Die Konkursverschleppung der HKG macht ein allgemeines Problem der AKW-Betreiber deutlich: Viele AKW werden in der Form der GmbH mit viel zu geringem Haftungskapital geführt (AKW Obrigheim mit 100 Mill. DM; AKW Brunsbüttel mit 63 Mill. DM; AKW Stade mit 60 Mill. DM). Wir Grünen halten die Wahl dieser Rechtsform für einen sittenwidrigen Versuch der Energiewirtschaft, sich gegenüber der Allgemeinheit aus der Verantwortung zu stehlen."
2017: Keinerlei Sicherungen für Rückstellungen für Rückbau!

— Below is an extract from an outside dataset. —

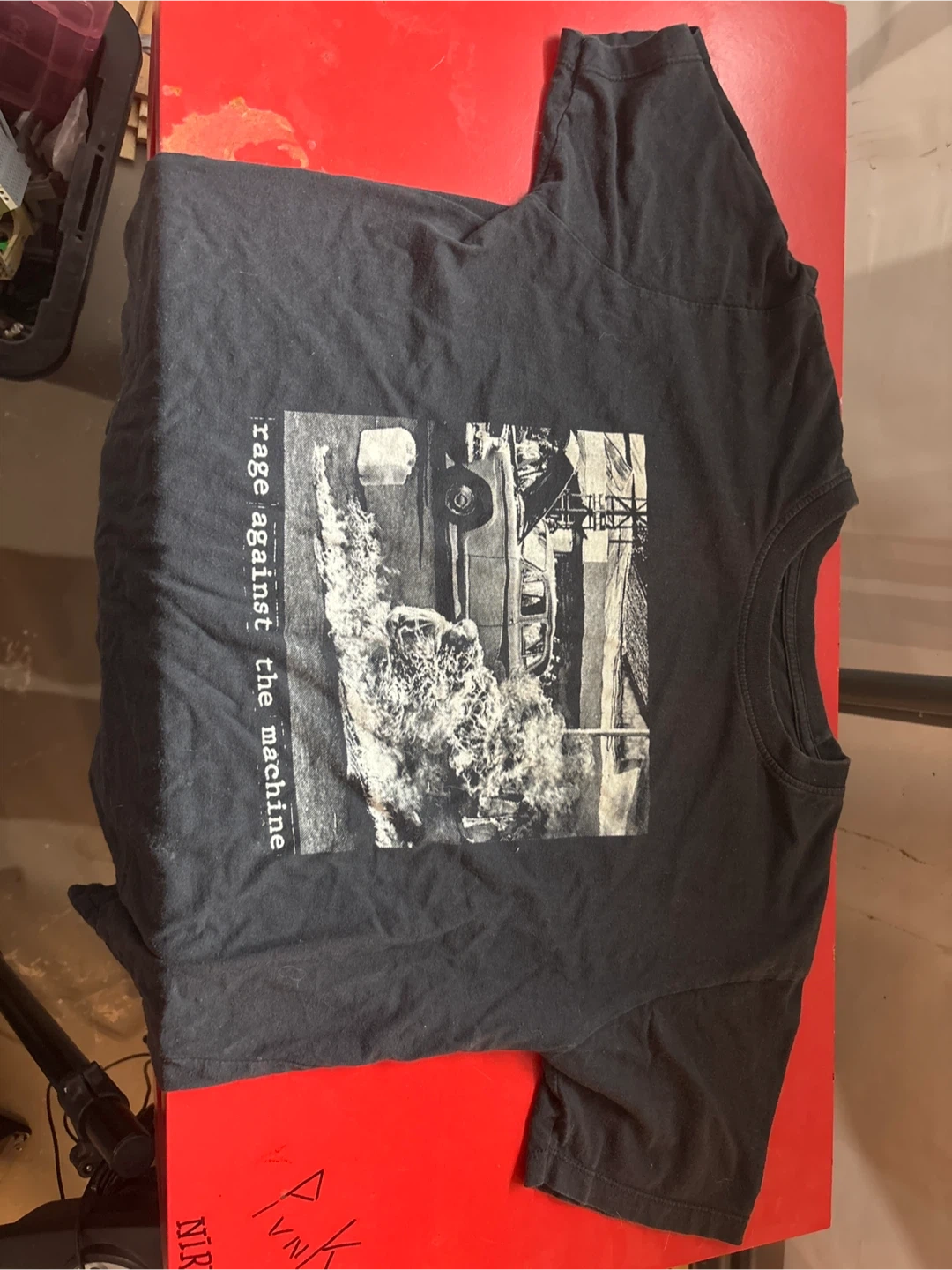 Selling a Rage Against the Machine graphic t-shirt. It's a cool piece for any fan of the band!

Auf ein weiteres entscheidendes Versäumnis der ehemaligen rot-grünen Bundesregierung von 2017 wies am 16. 9. 2024 Dirk Seifert auf seiner Homepage „umweltfairändern.de" hin:
„Um die Lasten der Atomkonzerne zu reduzieren, hatte die damalige Bundesregierung 2017 mit Unterstützung der Grünen eine „Neuordnung" beim Atomausstieg vorgenommen. Der gesamte Bereich der Atomabfälle wurde verstaatlicht und gegen eine Einmalzahlung von rund 24 Mrd. Euro wurden RWE, Vattenfall, PreußenElektra und Eon sowie weitere kleiner beteiligte Unternehmen von der weiteren Kostenverantwortung endgültig befreit.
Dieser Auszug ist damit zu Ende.